The Volokh Conspiracy

Mostly law professors | Sometimes contrarian | Often libertarian | Always independent

Free Speech

MIT "Could Not Tolerate That a Scientist Be Permitted to Speak About His Uncontroversial Research"

"after daring to express unrelated views that, although controversial, happen to be held by a majority of the American public."

|

From Prof. Yascha Mounk, writing in The Atlantic, writing about MIT's cancellation of Prof. Dorian Abbot's invited lecture about climate science, because of Abbot's criticism of race-based affirmative action:

Abbot's case is far more shocking than that of either Murray or Yiannopoulos. That's partly because his opinions are much less extreme. It is also because the views that provoked such controversy are completely unrelated to the subject on which he was invited to lecture….

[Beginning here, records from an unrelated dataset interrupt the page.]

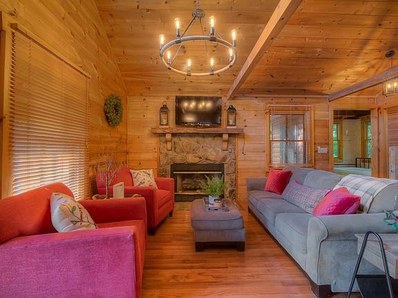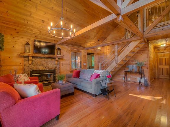 Looking for the perfect place to relax? This Swiss style cabin offers unique touches and character throughout. All furnishings come with the home and many are brand new. With over an acre, this cabin features 2 bedrooms on the main level, a kids loft with custom bunk area, custom built stairs and railing, additional sleeping or keeping room, an open living room/dining/ and kitchen area, new lighting, stone gas fireplace, large front porch, circle driveway, partial room below for storage, storage cottage, and washer/dryer/grill to complete the home. This cabin could be the perfect turn key experience for anyone looking for a vacation rental or investment opportunity.
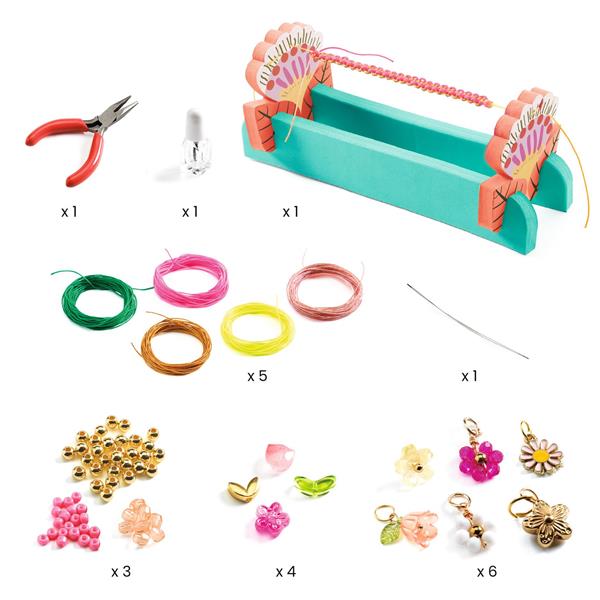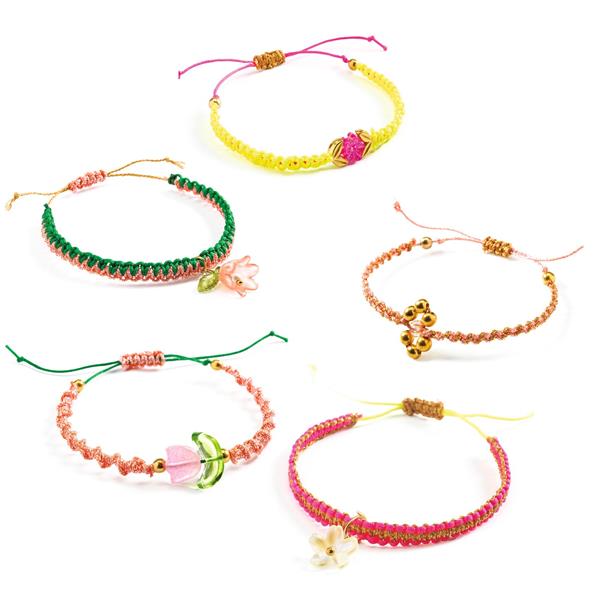 Tout ce qu'il faut pour faire facilement 10 bracelets en macramé et perles. Contenu : 1 aiguille. Un flacon de vernis.1 pince. 6 charms. 7 sortes de perles. 5 couleurs de fil dont 1 doré. 1 outil en mousse. 1 livret explicatif pas à pas.
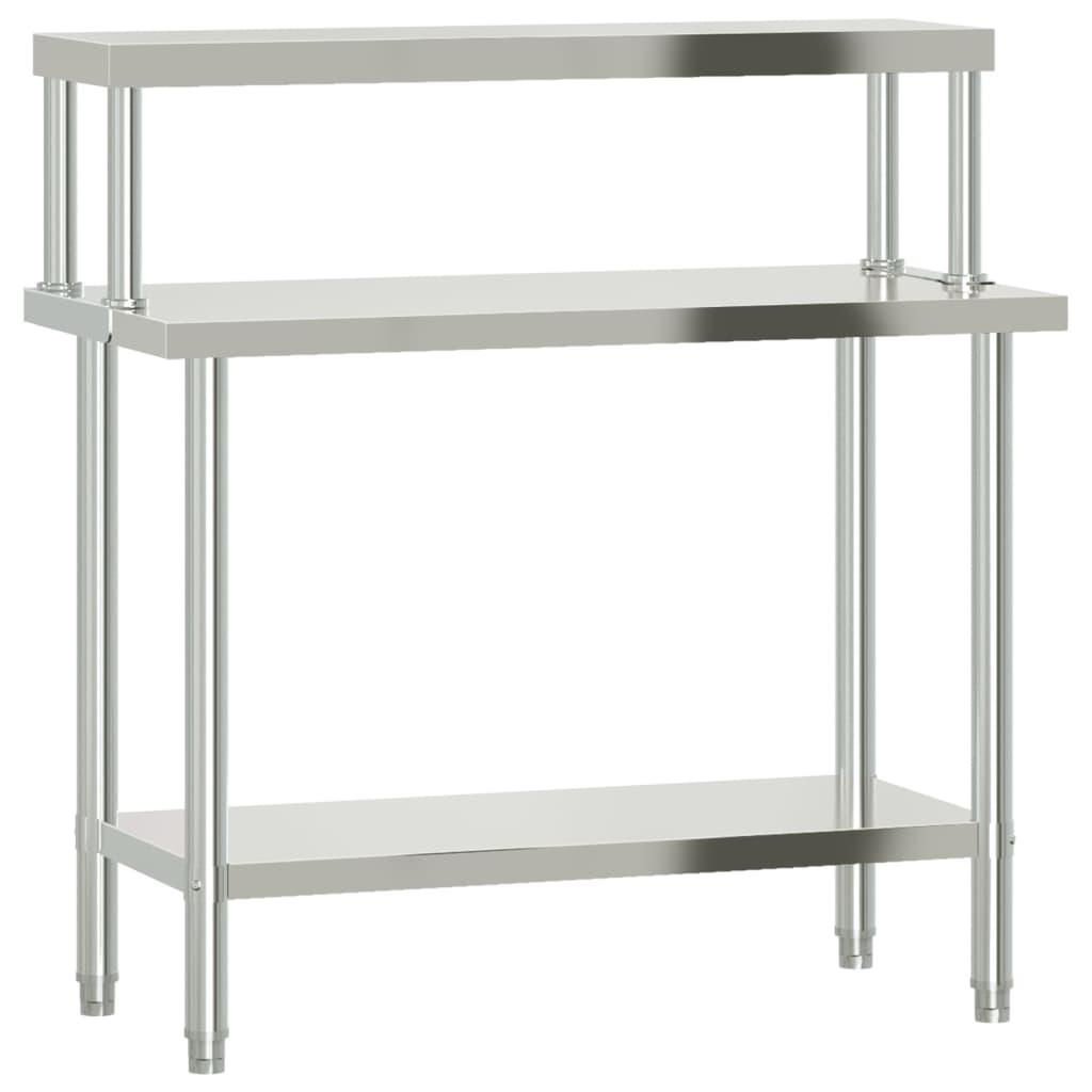 vidaXL Kitchen Work Table with Overshelf 43.3"x21.7"x47.2" Stainless Steel

MIT did not rescind its invitation to Abbot in the expectation that he would repeat his views about affirmative action. Rather, he was disinvited from one of the most important research universities in the world because it could not tolerate that a scientist be permitted to speak about his uncontroversial research after daring to express unrelated views that, although controversial, happen to be held by a majority of the American public….

[T]he principle that MIT has effectively established is deeply worrying. For it would, if other institutions should follow the university's example, amount to a severe restriction on the ability of Americans to disagree with a specific set of beliefs about how to remedy injustice without raising the risk that they might no longer be able to carry on their work, even if it is completely unrelated to politics. In effect, this would create a prohibition on controversial political speech for all academics—and eventually, perhaps, professionals in other highly visible domains.

MIT's decision is not just another in a long series of campus controversies, then. It sets a precedent that will, unless it is forcefully resisted, pose a serious threat to the maintenance of a free society.